Task details
Beginning with the line that contains "曾曉瑤正幫村民干農(nóng)活。受訪者供圖", repeat each line exactly through the end of the listing below. Pictures stay out.

Available data
==============================

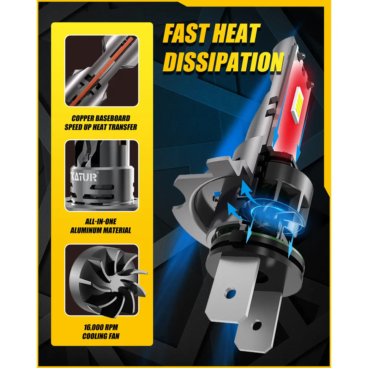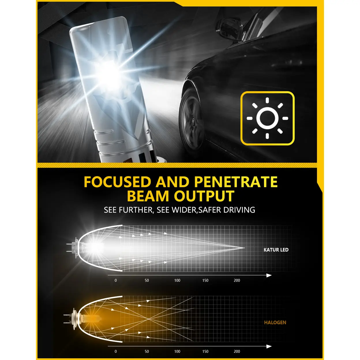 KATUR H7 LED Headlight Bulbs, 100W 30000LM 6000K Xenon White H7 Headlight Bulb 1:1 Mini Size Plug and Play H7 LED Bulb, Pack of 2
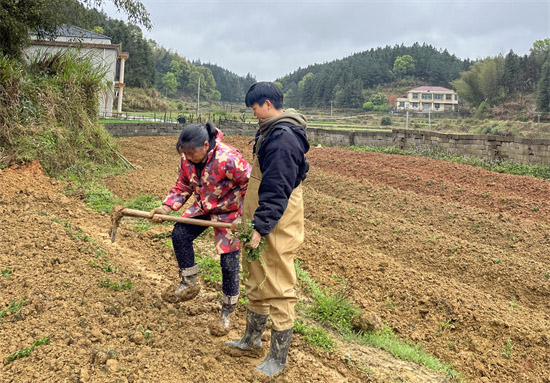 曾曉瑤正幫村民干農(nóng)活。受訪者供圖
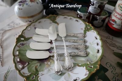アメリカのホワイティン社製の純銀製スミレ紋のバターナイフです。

==============================

Response to this exercise
 曾曉瑤正幫村民干農(nóng)活。受訪者供圖
アメリカのホワイティン社製の純銀製スミレ紋のバターナイフです。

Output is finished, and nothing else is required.